Figure 1: MRI acquisition parameters used to investigate the effect of large slice thickness (a) and reduced coverage (b) on susceptibility maps. Brain images were acquired with the parameters in column a) at slice thicknesses 1, 2, 4 and 6 mm, and with the parameters in column b) with through-slice FOVs of 144, 111, 78, 44 and 20 mm. All acquisitions used a 32-channel head coil.

Figure 2: Methods overview. Multi-echo brain image volumes (c) were simulated from a modified Zubal phantom (a) and acquired in a healthy volunteer (b, d). The effect of a reduced FOV (f, g) and resolution (h, i) were investigated by downsampling the images as well as acquiring low-coverage (e) and low-resolution (j) brain images. Susceptibility maps (k, l) were calculated and compared in each case.

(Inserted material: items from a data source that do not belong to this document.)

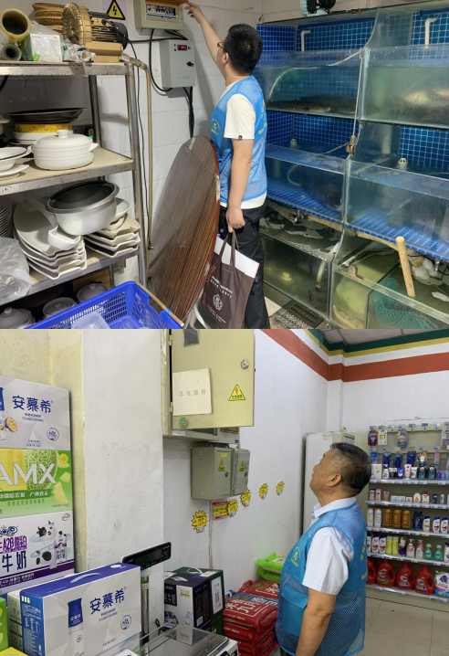 檢查過程中,工作人員對消防器材配備、疏散通道暢通、漏電保護裝置通等進行了詳細檢查,同時向商戶講解滅火器使用方法以及其他安全知識。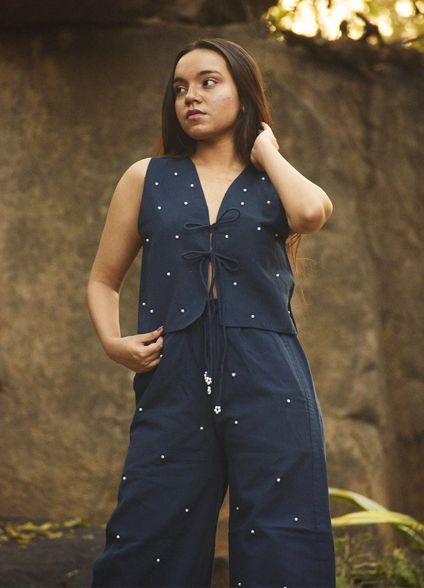 A refined choice for any occasion, this sleeveless top features pearl detailing and a flattering V-neckline. With its relaxed fit, it's designed to bring both comfort and elegance into your wardrobe.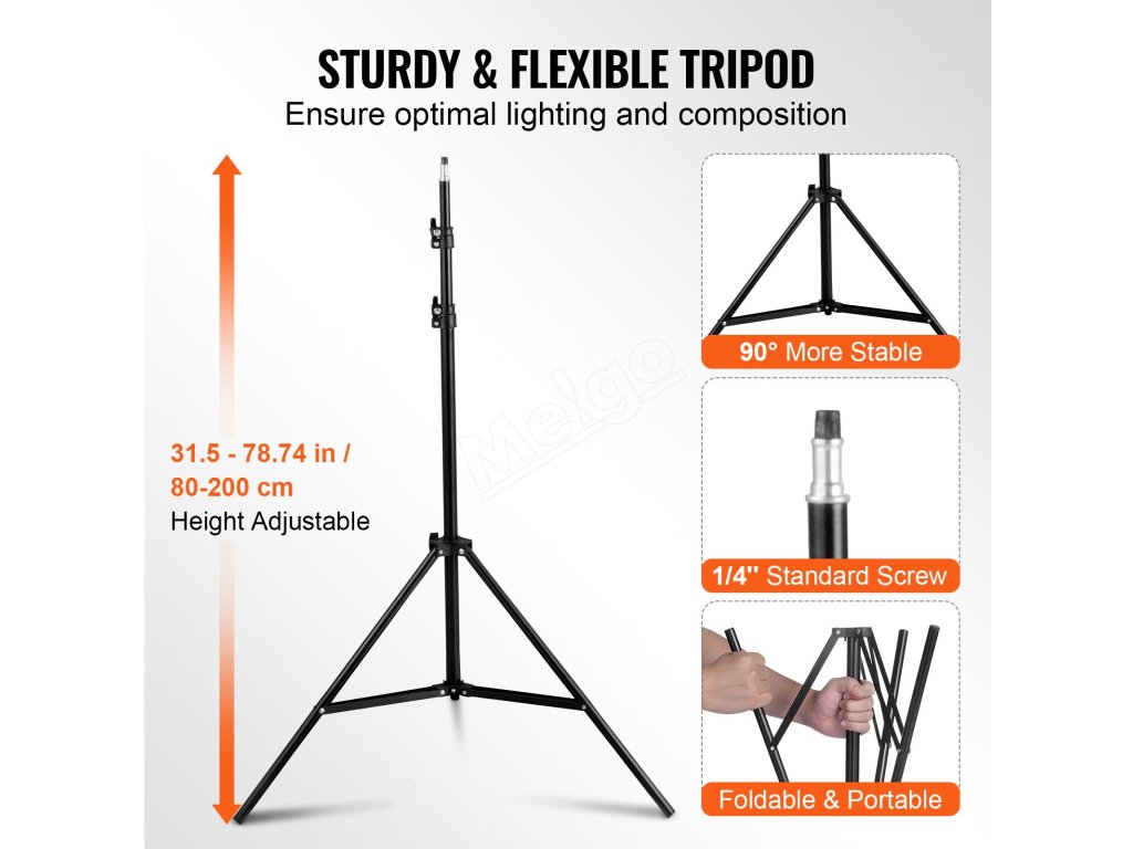 Funkcia flexibilného nastavenia výšky, ktorá sa prispôsobí širokej škále objektov a nastavení pozadia. Jeho nastaviteľná konštrukcia umožňuje používateľom rýchlo upraviť výšku zdroja svetla podľa potreby, aby sa zabezpečilo optimálne osvetlenie a kompozícia. Vďaka tomu sú vaše fotografie prirodzené a živé.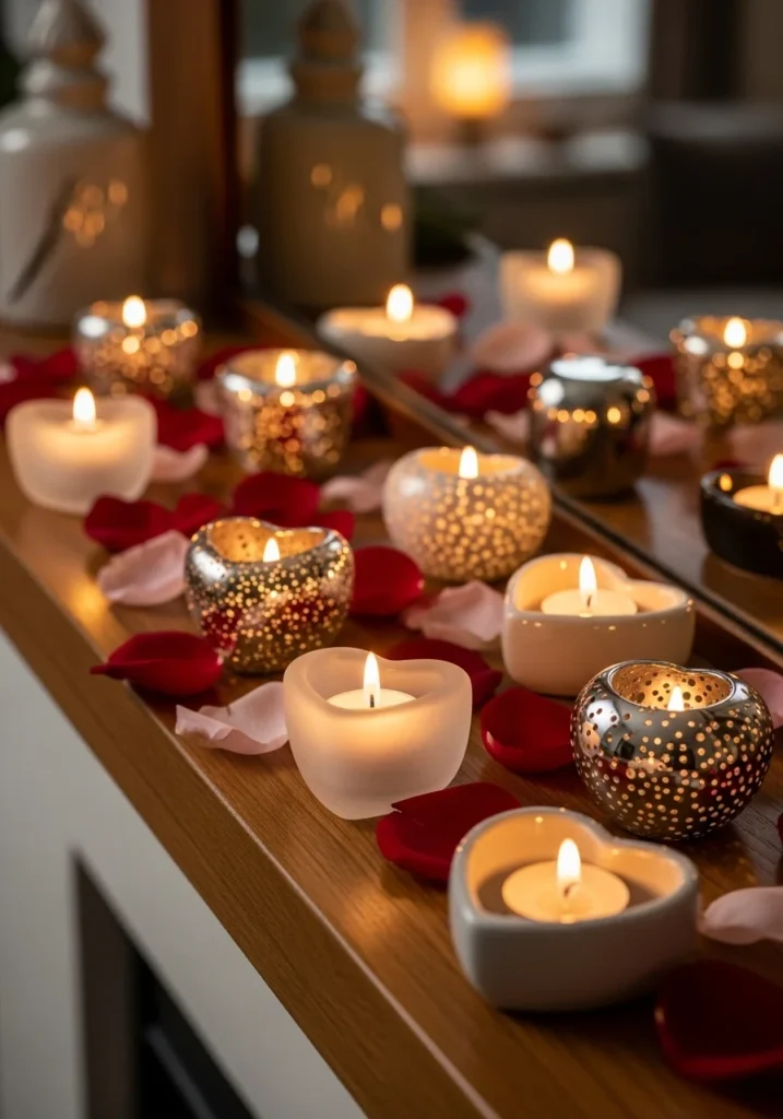 Mini heart votives and tealight holders are perfect for adding subtle Valentine ambiance to any room. Placed on tables, mantels, or shelves, they provide gentle illumination while reinforcing a festive, romantic theme. Their compact size allows for versatile placement without dominating the décor.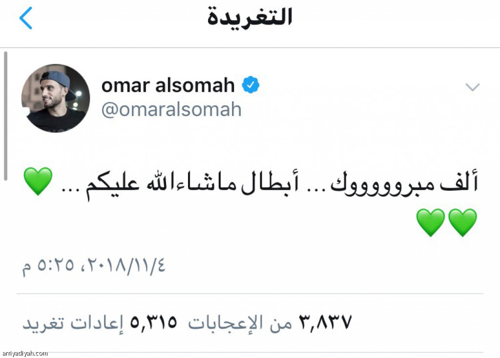 نشر عمر السومة لاعب فريق الأهلي الأول لكرة القدم عبر حسابه الرسمي في موقع التواصل الاجتماعي "تويتر"، تغريدة قدم من خلالها تهنئته للمنتخب السعودي الشاب بعد تحقيقه كأس آسيا تحت 19 عاماً وإلى الجماهير الرياضية السعودية ونالت تغريدة السومة تفاعلاً كبيراً.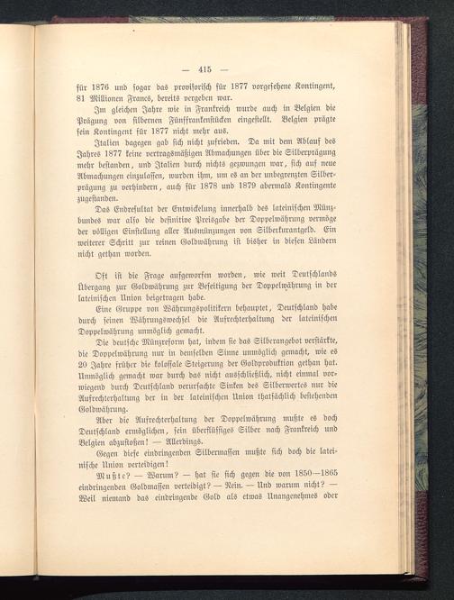 Oft ist die Frage aufgeworfen worden, wie weit Deutschlands Übergang zur Goldwährung zur Beseitigung der Doppelwährung in derlateinischen Union beigetragen habe.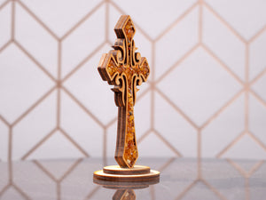This Amber Cross Figurine stands on a sturdy base, making it perfect for displaying on tables, shelves, or altars. It serves as an ideal gift for special religious occasions such as Baptism, First Communion, or Confirmation, providing a meaningful and lasting memento.
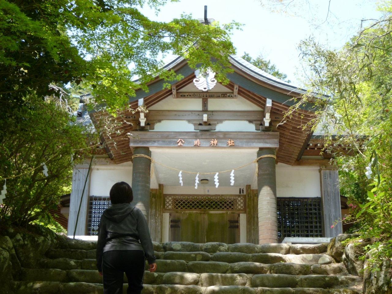 ゴルフ場に駐車して、金時山登山に行きました。登り始めてしばらくして、神社が見えます。登山前に安全を祈願する公時神社。ちょと開けた場所に石の階段を数段登り、歴史を感じる御社がある。公時神社の文字がやたらきれいで目立ちます。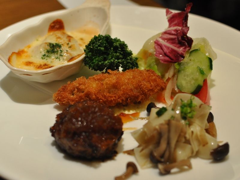 旬である牡蠣のグラタンやフライ、ハンバーグにキノコのマリネにサラダと贅沢でありますね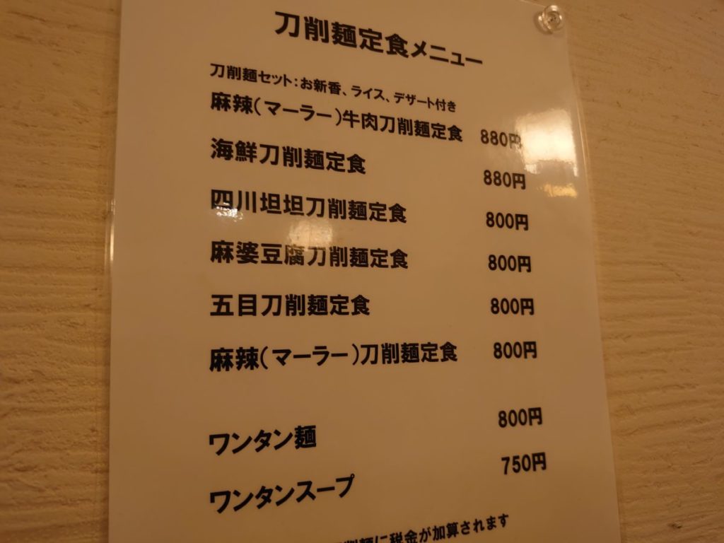 辛いものがあまり得意ではないため、辛そうにないと思った海鮮刀削麺定食を注文しました。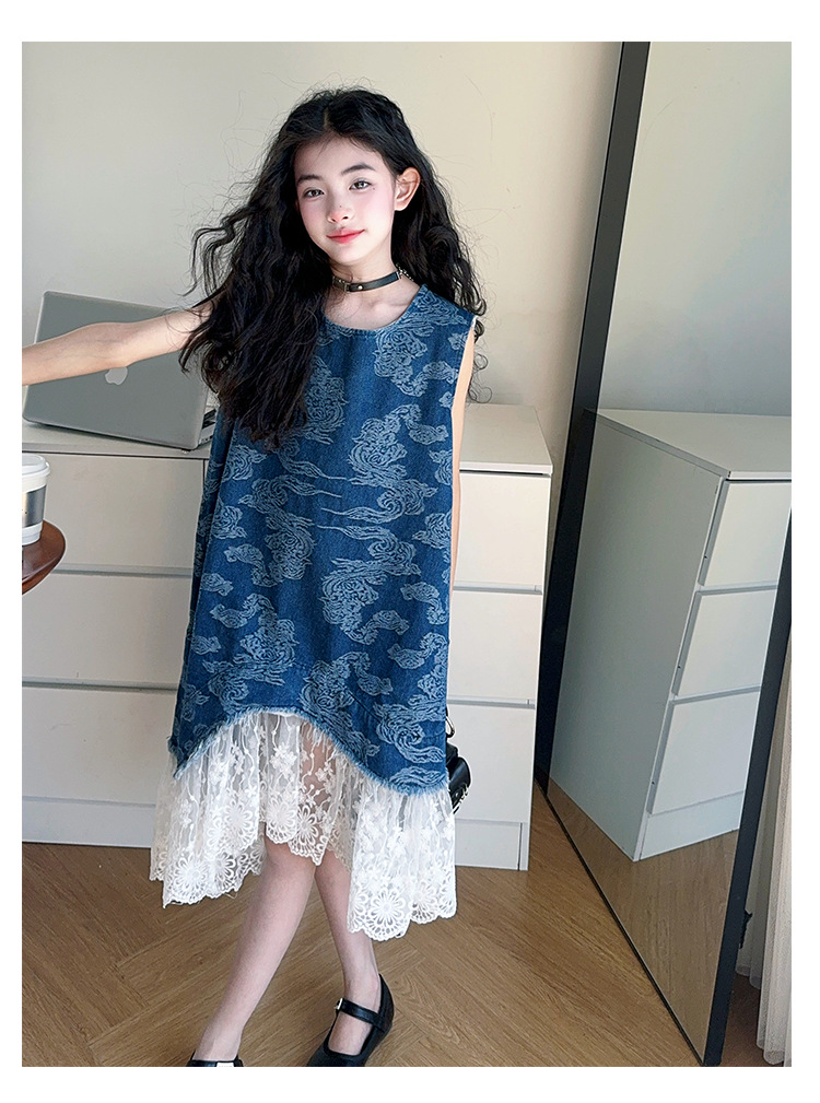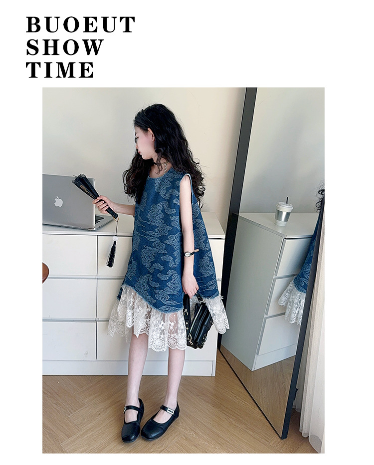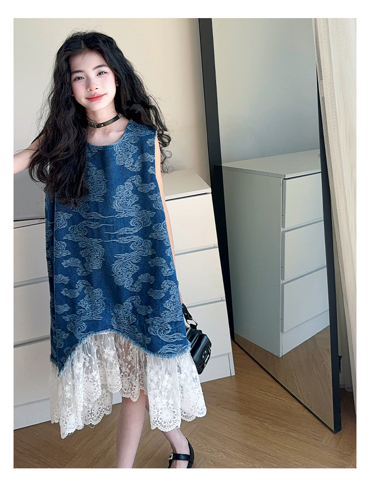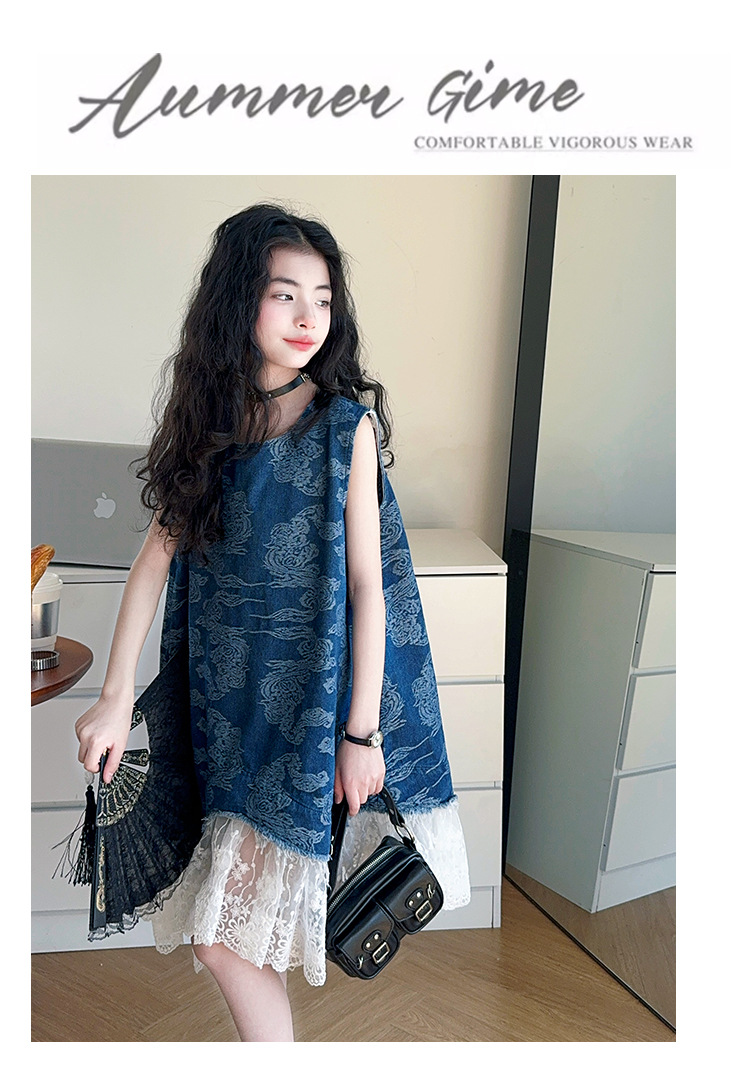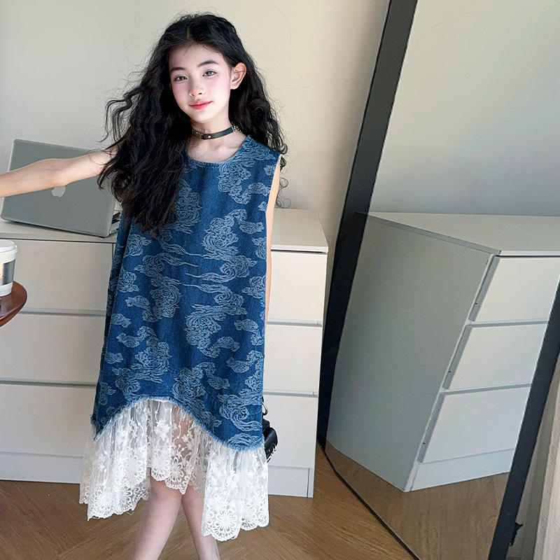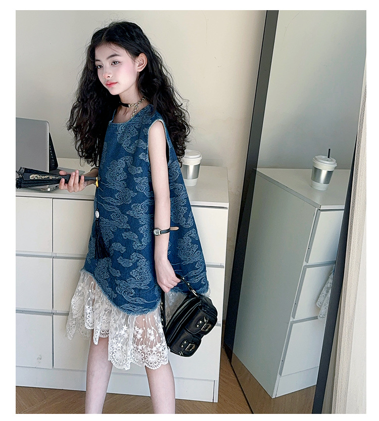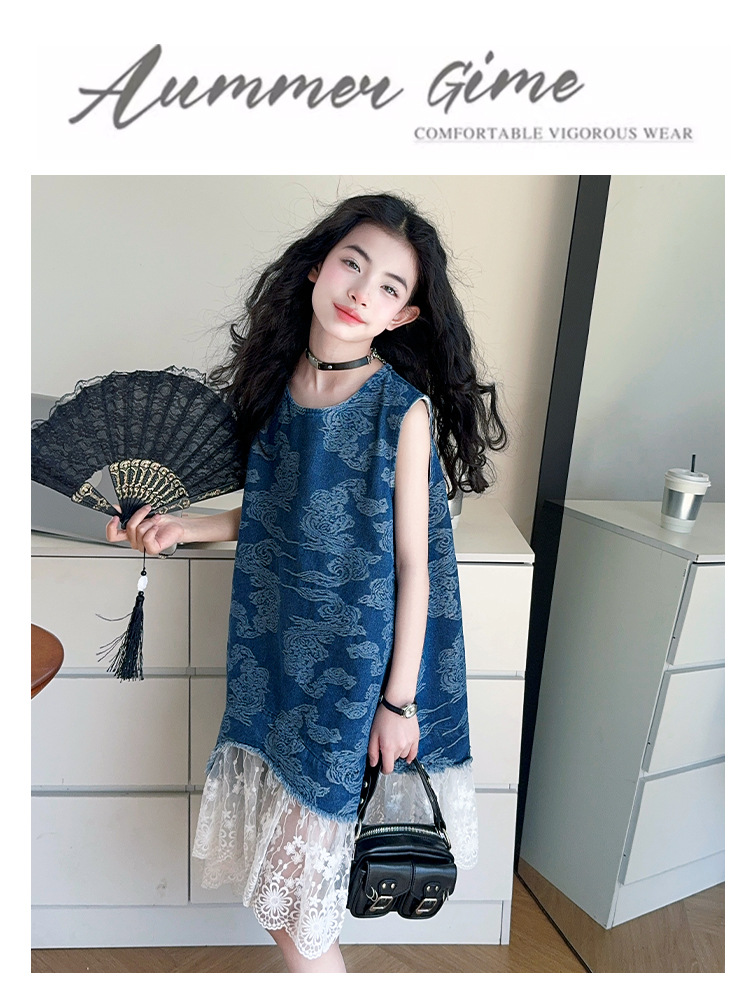 소녀 국가 패션 민소매 데님 스커트 2025 여름 새로운 스타일 중대형 어린이 새로운 중국 스타일 조끼 원피스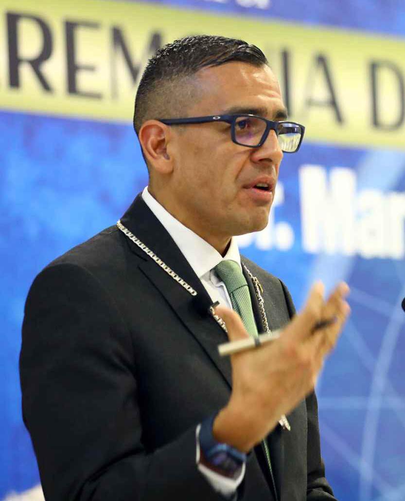 Este acto protocolario contó con la presen cia del Rector de la Universidad, Santos Guz mán López, quien entregó al nuevo directivo la medalla venera, en Sala Polivalente de dicha escuela.
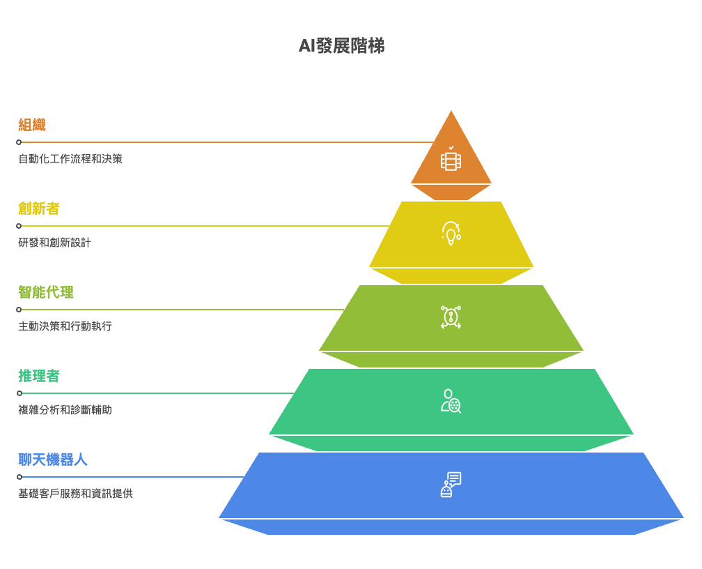 在介紹差異之前,我們先簡單回顧彭博社於 2024 年 7 月的報導:OpenAI 在內部會議中首度公開 AI 發展藍圖,描繪從對話能力一路進化到能執行組織級任務的五個階段。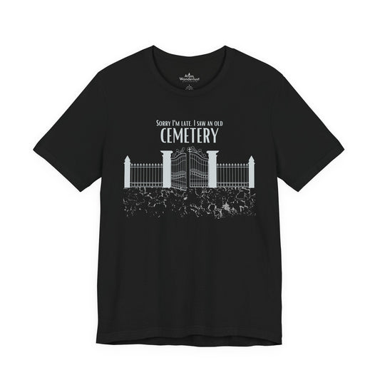 Cemetery Tee, Sorry I am Late. I saw a Cemetery Unisex Taphaphile T-Shirt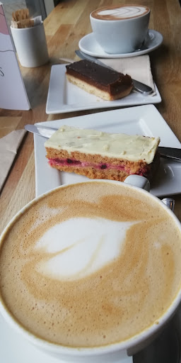 Read moreBest coffee/cake experience I've had in at least a year! I had a white cocoa mocha which was extremely good, a lovely creamy taste with a perfect balance between coffee and chocolate, especially good considering it was made with skimmed milk. My brother and I shared two tray bake cakes - the yoghurt & blackberry flapjack was INSANELY good and the dark choc millionaire shortbread delicious too. A fair number of treat options are pretty unique, and SUCH a lovely change from the dull, homogeneous experience in so many other coffee shops. I'm so surprised the review rating is only 4.4, prices for coffee and tray bakes are slightly more than average (though huge slices of cake seem good value), BUT SO worth it if you really want a PROPER treat rather than just a coffee to...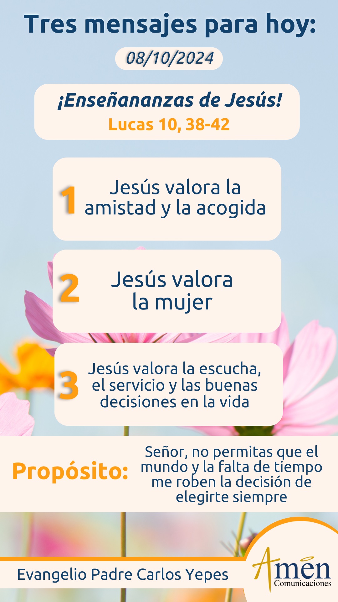 Siete enseñanzas, siete valores: uno, el valor de la amistad, dos, el valor de la acogida, tres, el valor de la mujer, cuatro, el valor de la escucha contemplativa y orante, cinco, el valor del servicio humilde y abnegado, seis, el valor de las buenas decisiones en la vida, y siete, el valor de no dejarnos quitar lo mejor que hemos elegido en la vida, que es Cristo Jesús. Es lo más grande que nos ha pasado, no dejes que el mundo, los compromisos, las prisas, la falta de tiempo, te robe a Dios de tu vida.

Figure 3: Mean susceptibility in five ROIs as a function of slice thickness averaged across four volunteers (a, x – acquisitions, o – simulations) and in the numerical phantom (b, horizontal lines indicate the corresponding ground truth susceptibility values). Axial slices of susceptibility maps calculated from images acquired at different slice thicknesses are also shown in a representative volunteer (c) and the phantom (d).

Figure 4: Mean susceptibility in five ROIs as a function of coverage averaged across four volunteers (a, x – acquisitions, o – simulations) and in the numerical phantom (b, horizontal lines indicate the corresponding ground truth susceptibility values except that of white matter where $$$\chi$$$ = -0.05 ppm). Axial slices of susceptibility maps calculated from images acquired at different FOVs are also shown in a representative volunteer (c) and the phantom (d).